Health Care In America: The Republican Alternative

Before I begin the review of the Republican alternative to HR 3962, let me just say one thing.

It was so nice reading a piece of legislation that actually made sense the first time I read it. I didn’t have to cross reference hundreds of different pieces of legislation to figure out what the bill actually said, and I didn’t feel like the text of this amendment was running me in circles.

The Republican alternative to HR 3962 is actually an amendment to the bill. The key being “an amendment in the nature of a substitute”.

Now, before anyone starts stomping their feet and having a hissy fit, I think we all know that Nanny State Nancy will never allow this amendment to come up for a vote, even if she has the votes to defeat it. The last thing she wants is to have this 219 page amendment read on the House floor.
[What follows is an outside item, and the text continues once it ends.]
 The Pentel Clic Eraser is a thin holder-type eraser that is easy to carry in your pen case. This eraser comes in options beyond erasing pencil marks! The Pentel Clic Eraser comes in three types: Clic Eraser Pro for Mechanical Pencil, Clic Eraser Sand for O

Why? Because it actually makes sense. It isn’t bloated with hundreds of tax hikes, it has no hidden agenda. It simply does (and is) what the title says, “Common Sense Health Care Reform and Affordability Act “. As far as I can tell after reading the bill, it is common sense, it does reform health care, and according to the non-partisan Congressional Budget Office, it does reduce the deficit.

Let’s begin the review.

Division A

Section 101 begins on page 4 and establishes universal access programs for every State and ensures that all Americans, even those in the “high risk” pool have affordable access to health care.
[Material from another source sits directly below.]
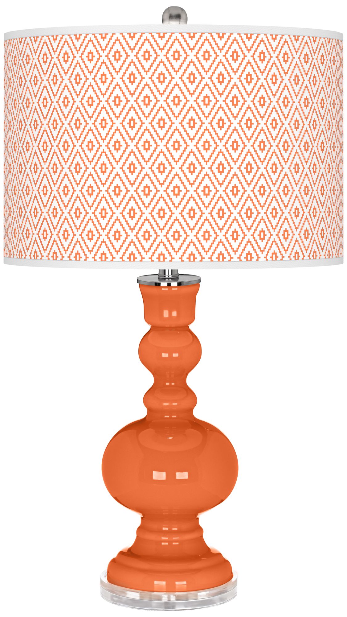 This apothecary style Color + Plus™ glass table lamp will infuse your decor with brilliant color and style. This beautiful Nectarine designer lamp is hand-crafted by experienced artisans in our California workshops. It stands on a lucite base, and is topped with a custom made-to-order shade that features a Diamonds pattern in rich color tones that complement the base hue. Lamp base U.S. Patent # 8,899,798. Shade printing process U.S. Patent # 7,347,593.

IN GENERAL. – A qualifying State high risk pool described in this subsection means a current section 2745 qualified high risk pool that meets the following requirements:

(A) The pool must provide at least two coverage options, one of which must be a high deductible health plan coupled with a health savings account.

(B) The pool must be funded with a stable funding source.

(C) The pool must eliminate any waiting lists so that all eligible residents who are seek­ing coverage through the pool should be allowed to receive coverage through the pool.

(D) The pool must allow for coverage of individuals who, but for the 24-month disability waiting period under section 226(b) of the Social Security Act, would be eligible for Medicare during the period of such waiting period.

(E) The pool must limit the pool premiums to no more than 150 percent of the average premium for applicable standard risk rates in that State.

(F) The pool must conduct education and outreach initiatives so that residents and brokers understand that the pool is available to eligible residents.

(G) The pool must provide coverage for preventive services and disease management for chronic diseases.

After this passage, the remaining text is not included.